In the US, the use of supplements contributes substantially to the total vitamin and mineral intake in the population. US adults derive at least five times more vitamin B6, thiamin, and riboflavin and 15 to 20 times more vitamin B12 and E from supplements than from foods [5]. Although this is beneficial to an extent, there has been an increase in the prevalence of people consuming vitamins and minerals above the upper level of tolerability. This is especially true due to food fortification and enrichment — such as the addition of B vitamins to flour and vitamin D to milk — which have reduced the need for further supplementation [5]. As a result, the National Health and Nutrition Examination Survey found excess intake of nutrients such as niacin, zinc, calcium, and folate among US adults. However, there is a lack of high-quality studies on whether the long-term overconsumption of several nutrients may pose a health concern [6]. 

One of the first studies that showed that vitamins may be detrimental to health was conducted in 1994 on middle-aged male smokers in Finland. In this demographic, it showed that vitamin A and E supplements increased the risk of lung cancer by 18% and mortality (mainly from lung cancer and cardiovascular disease) by 8% [7].  In 2009, a famous study known as the Selenium and Vitamin E Cancer Prevention Trial (SELECT Trial) yielded a conclusion that was contrary to the belief that selenium and vitamin E supplementation were cancer fighters. Instead, the supplements increased the risk of prostate cancer among healthy men [8]. As a result, the World Cancer Research Fund and the American Institute for Cancer Research have advised against the use of dietary supplements for cancer prevention among the general public [9]. Moreover, certain vitamins and minerals are also linked to risks to cardiovascular health. A study by the Women’s Health Initiative found that calcium supplements, whether taken alone or in combination with vitamin D, were associated with an increased risk of cardiovascular events, notably myocardial infarction [10].

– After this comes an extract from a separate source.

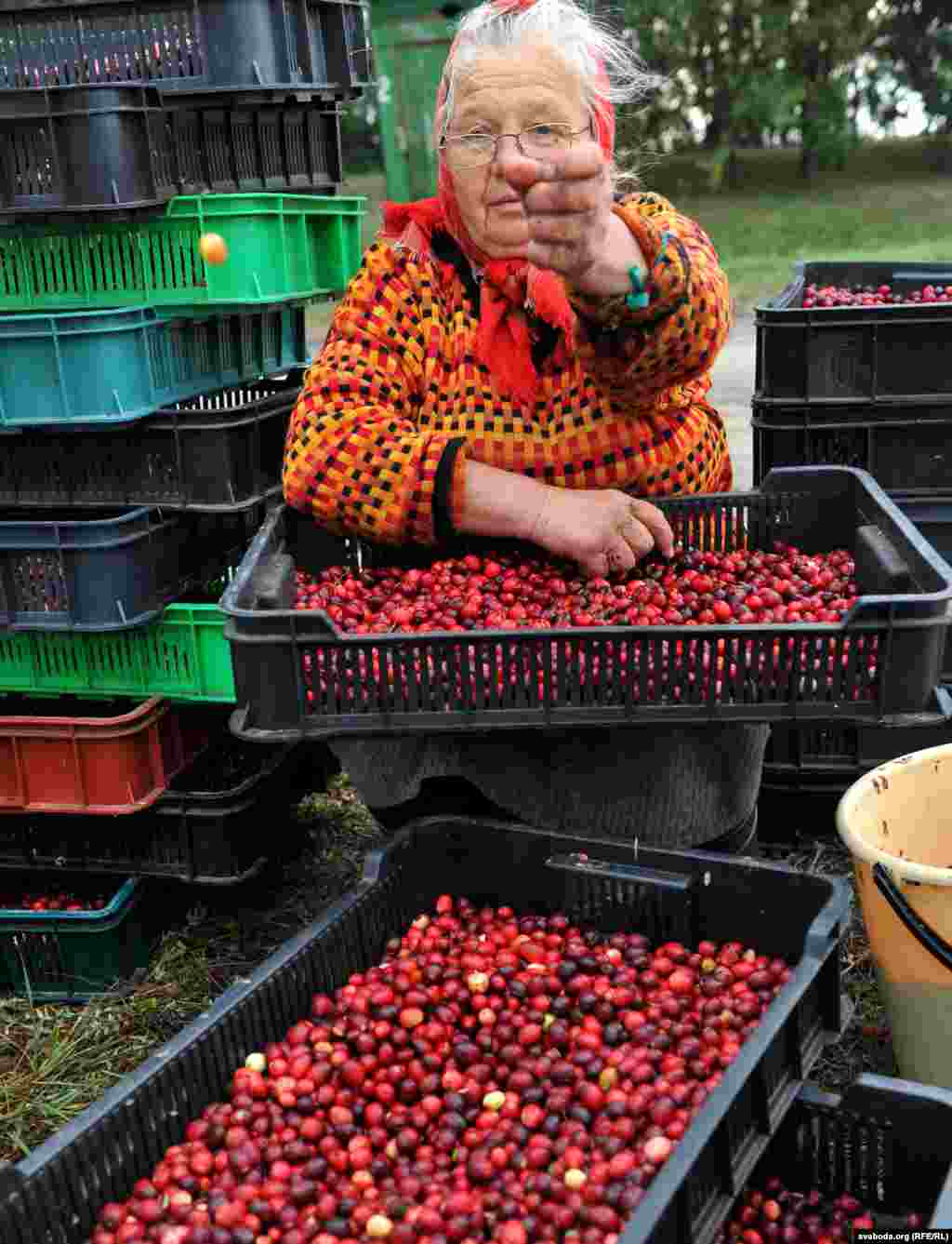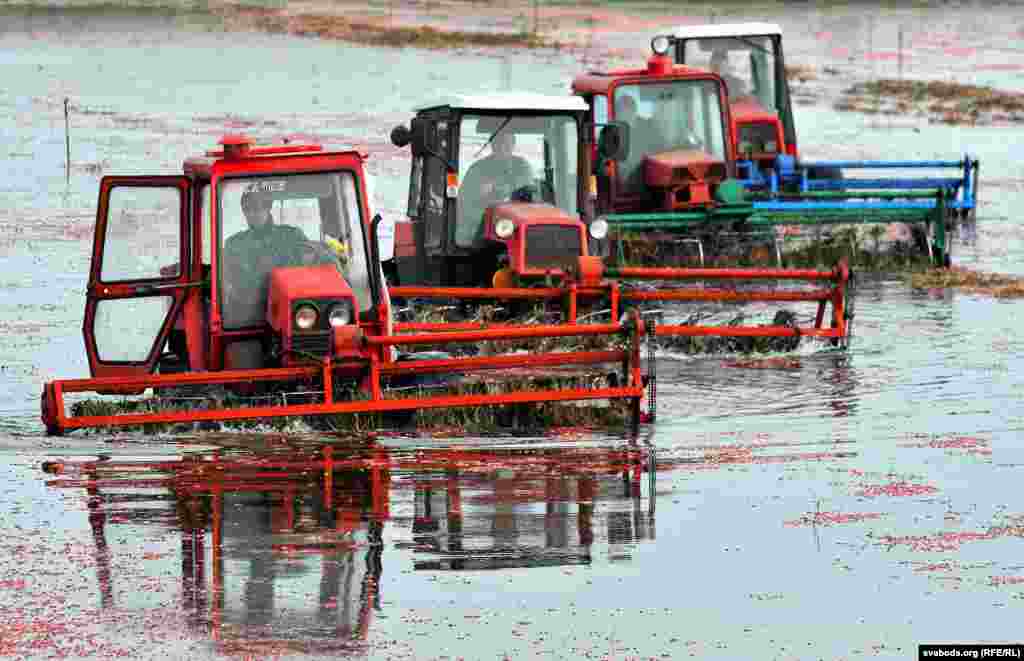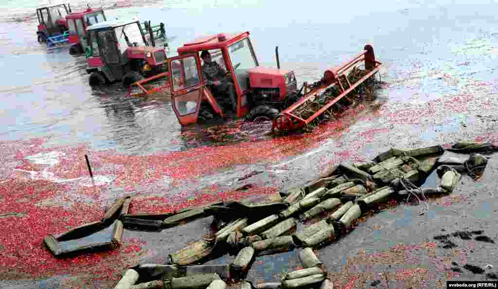 Уручную зьбіраюць на элітных чэках, дзе журавіны лепшай якасьці, каб іх не пашкодзіць. Дзеля гэтага з чэкаў зьліваюць ваду

However, it is important to note that these studies were very large and randomized to reflect the general population. In some cases, vitamin and mineral supplements are effective for certain subgroups that are not reflected in the studies. For instance, iron supplements during pregnancy are proven to significantly lower the risk of anemia and perinatal complications. Physician-recommended treatment for disorders such as osteoporosis, as well as other diseases, may necessitate the use of multivitamin/mineral supplements (MVMs) or individual vitamins or minerals [2].

Overall, vitamin and mineral supplements do not provide overall health benefits for those without a deficiency and may increase health risks in the long term. Studies have shown that nutrient intake from foods, not supplements, reduces overall mortality due to interactions among various nutrients and other bioactive substances present in foods [6]. Thus, emphasizing a healthy diet, rather than the consumption of supplements, remains crucial to promoting overall health and well-being.